What to do, what to do!

So it seems that if one aspect of my life is going well the other parts just fall to pieces.

Although work has been extremely busy this year, I have already exceeded my savings targets for this year. I have also received two awards and just found out this week that I'm going to receive another award next week. Career-wise yes life is good.

The other aspects, not so much! As many of you know I'm going through a pretty messed up divorce. My ex is really been going after me for as much money as possible. No only in the form of child and spousal support, but also my stocks and retirement accounts. I don't mind the child support. I do resent the spousal support, he works for another pharmaceutical company and earns good money. Now this week he is being laid off, so he has been wanting to take me to court so that he can get half my salary. This has had me fuming of course!

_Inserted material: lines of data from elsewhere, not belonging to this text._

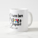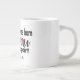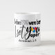 Jumbo Algunos días, una taza de jue de tamaño normal no sirve. Cuando necesites un toque extra de cafeína, saca esta taza gigante de café de Zazzle. Tiene capacidad suficiente para una medida Venti (20 onzas). ¡Y también la pudes usar para tomar sopa, cereales o incluso helado! Esta taza gigante cuenta con un asa en forma de "C" para mayor comodidad. Dimensiones: Altura: 4,5" Diámetro: 3,9" Capacidad: 20 onzas Seguridad de microondas y lavavajillas Construcción fuerte, cerámica Cumple o excede los requisitos de la FDA para la seguridad de los alimentos y bebidas Impreso a petición en Reno, NV Designer Tip: Para garantizar la impresión de máxima calidad, tenga en cuenta que el área de diseño de personalizable de este producto mide 4" de alto x 10,5" de ancho + Más
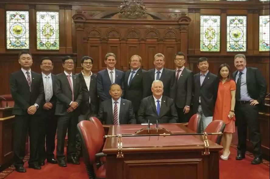 2015年11月2日,陳希濱董事長在西澳議會立法委員會主席巴里·豪斯、西澳立法委員會上議會議員馬克·劉易斯、西澳州政府農業食品部經理特里的陪同下,參觀了西澳國會大廈和上下議院,并在議會大廈共進午餐。
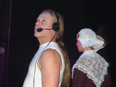 Met un “ spuug ze in de bek! ” fòlgd deur ut wat klassiekere “ toi-toi-toi ”, stuurde Ben van de Knaap gisteravend de speulers fan ut renomearde akrobatise teatergeselskap Corpus Acrobatics de Bühne op fan ‘syn teater Sneek’. Wat un aparte mar tòch ok bysondere openingsfoarstelling hew ik gister metmaakt. Apart in de sin fan de lokasy, namelek dy fanachter de koulissen, omdat ik un rol had in de foarstelling.

We previously agreed that I would keep our house. With the current status of the economy we would end up selling at a loss. The issue that comes up is how do I maintain an a house this size, my sanity and support my ex. As much as I love this house I feel like I have to walk away. It is just four walls, wood & concrete right? So why is the idea of selling my home so hard. For all I have worked for and accomplished this idea makes me feel like a failure. At the same time I want to be able to spend what I want when I want & buy things for my kids. I want to take vacations. With having to support my ex I really have been having to watch what I spend & I really hate that.

Now that I have failed at two marriages and most likely will have to sell my house, yeah life sucks!